Everything in the listing below must be set down again exactly, apart from the pictures.
------------------------------------------------------------------------
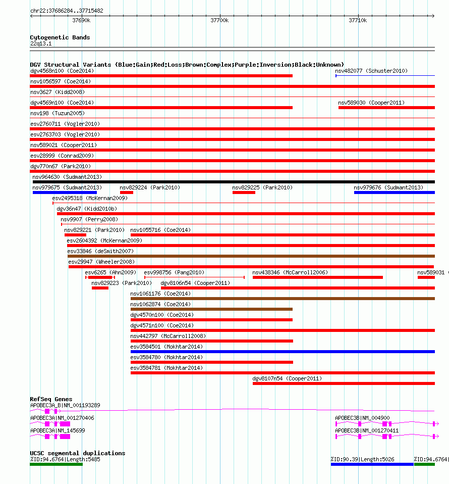 | Variant Type | CNV loss | Copy Number | | Allele State | | Allele Origin | | Probe Count | | Validation Flag | | Merged Status | M | Merged Variants | dgv770n67 | Supporting Variants | nssv1439434 | Samples | NA18973 | Known Genes | APOBEC3A, APOBEC3A_B, APOBEC3B | Method | Oligo aCGH | Analysis | To select parameters for calling CNVs (that is, the statistical threshold of the ADM2 algorithm, the minimum +/- log2 ratio and the minimum number of consecutive probes in a CNV interval), we calculated the sensitivity and positive predictive value based on the comparison of aCGH-based CNV calls (using our high-resolution Agilent 24M platform) with read-depth sequence data for two samples from Korean individuals (AK1 and AK2). We attempted to obtain `absolute' copy number status of the sample from NA10851, which was used as the reference sample for aCGH experiments in this study. For this, we used read-depth data for NA10851 obtained from massively parallel sequencing by the Illumina GA II data. The read-depth data represent the copy number status of NA10851 as compared to the human reference genome (hg18) because the short read sequences were aligned to hg18. | Platform | Agilent 24M aCGH | Comments | | Reference | Park_et_al_2010 | Pubmed ID | 20364138 | Accession Number(s) | nsv829214
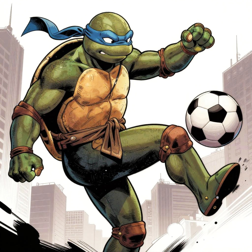 Mbappe TMNT crossover, heroic stance of Mbappe dressed as a Ninja Turtle, glowing eyes, sporty turtle shell with soccer elements, dark alley atmosphere, vivid illustration
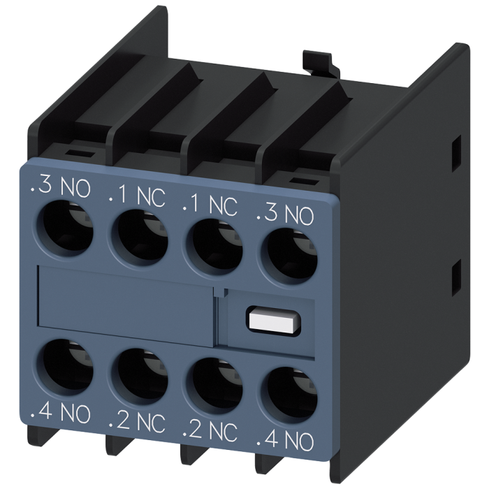 Auxiliary switch on the front, 2 NO + 2 NC Current path 1 NO, 1 NC, 1 NC, 1 NO for 3RH and 3RT screw terminal .3/.4, .1/.2, .1/.2, .3/.4 Hulpschakelaar voorzijde, 2 NO + 2 NC Stroompad 1 NO, 1 NC, 1 NC, 1 NO voor 3RH en 3RT schroefklem .3/.4, .1/.2, .1/.2, .3/.4
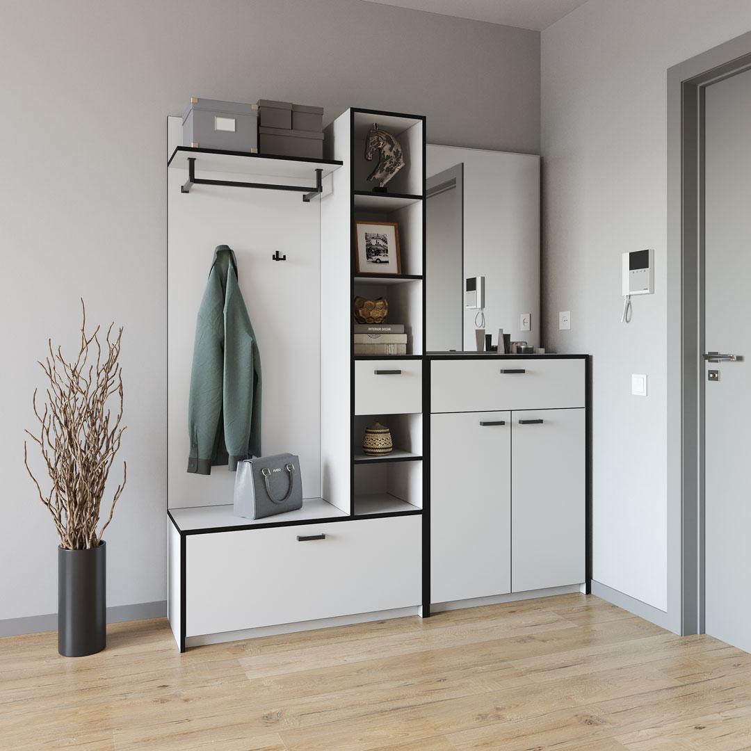 Комплект передпокою "КОРНЕЛІЯ" — це стильне та багатофункціональне рішення для вашої оселі. Поєднання сучасних та класичних кольорів надає передпокої елегантного вигляду, який легко впишеться у будь-який інтер'єр.
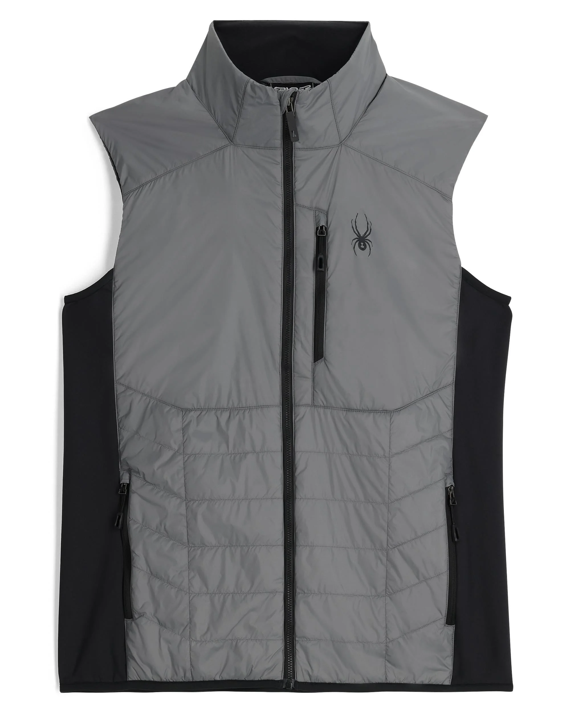 Featuring 60 grams of lightweight Sorona® insulation, the Glissade hybrid vest is a versatile layer that can be worn alone or as part of a ski kit to add warmth and functionality. Downproof polyester coated in Durable Water Repellent seals out moisture, while a stretch fleece provides movement and ventilation where you need it. - 100% RECYCLED NYLON (POLYAMIDE) - Recycled Downproof Polyester Plain Weave with DWR - Sorona® Insulation (60g) - 88% Recycled Polyester, 12% Elastane Stretch Terry Fleece with Brushed Back in side panels and underarm for ventilation and full range of movement - Custom Spyder web embossed interior lining - Components are produced without PFAS chemicals - YKK® center front zipper - YKK® chest pocket zippers - YKK® hand pocket zippers - Binding at the hood, cuffs and bottom hem - CB Length: Size M: 26 1/2" - Fit: Standard - 38A063501_STM
------------------------------------------------------------------------
(Solution to the exercise):
 | Variant Type | CNV loss | Copy Number | | Allele State | | Allele Origin | | Probe Count | | Validation Flag | | Merged Status | M | Merged Variants | dgv770n67 | Supporting Variants | nssv1439434 | Samples | NA18973 | Known Genes | APOBEC3A, APOBEC3A_B, APOBEC3B | Method | Oligo aCGH | Analysis | To select parameters for calling CNVs (that is, the statistical threshold of the ADM2 algorithm, the minimum +/- log2 ratio and the minimum number of consecutive probes in a CNV interval), we calculated the sensitivity and positive predictive value based on the comparison of aCGH-based CNV calls (using our high-resolution Agilent 24M platform) with read-depth sequence data for two samples from Korean individuals (AK1 and AK2). We attempted to obtain `absolute' copy number status of the sample from NA10851, which was used as the reference sample for aCGH experiments in this study. For this, we used read-depth data for NA10851 obtained from massively parallel sequencing by the Illumina GA II data. The read-depth data represent the copy number status of NA10851 as compared to the human reference genome (hg18) because the short read sequences were aligned to hg18. | Platform | Agilent 24M aCGH | Comments | | Reference | Park_et_al_2010 | Pubmed ID | 20364138 | Accession Number(s) | nsv829214
 Mbappe TMNT crossover, heroic stance of Mbappe dressed as a Ninja Turtle, glowing eyes, sporty turtle shell with soccer elements, dark alley atmosphere, vivid illustration
 Auxiliary switch on the front, 2 NO + 2 NC Current path 1 NO, 1 NC, 1 NC, 1 NO for 3RH and 3RT screw terminal .3/.4, .1/.2, .1/.2, .3/.4 Hulpschakelaar voorzijde, 2 NO + 2 NC Stroompad 1 NO, 1 NC, 1 NC, 1 NO voor 3RH en 3RT schroefklem .3/.4, .1/.2, .1/.2, .3/.4
 Комплект передпокою "КОРНЕЛІЯ" — це стильне та багатофункціональне рішення для вашої оселі. Поєднання сучасних та класичних кольорів надає передпокої елегантного вигляду, який легко впишеться у будь-який інтер'єр.
 Featuring 60 grams of lightweight Sorona® insulation, the Glissade hybrid vest is a versatile layer that can be worn alone or as part of a ski kit to add warmth and functionality. Downproof polyester coated in Durable Water Repellent seals out moisture, while a stretch fleece provides movement and ventilation where you need it. - 100% RECYCLED NYLON (POLYAMIDE) - Recycled Downproof Polyester Plain Weave with DWR - Sorona® Insulation (60g) - 88% Recycled Polyester, 12% Elastane Stretch Terry Fleece with Brushed Back in side panels and underarm for ventilation and full range of movement - Custom Spyder web embossed interior lining - Components are produced without PFAS chemicals - YKK® center front zipper - YKK® chest pocket zippers - YKK® hand pocket zippers - Binding at the hood, cuffs and bottom hem - CB Length: Size M: 26 1/2" - Fit: Standard - 38A063501_STM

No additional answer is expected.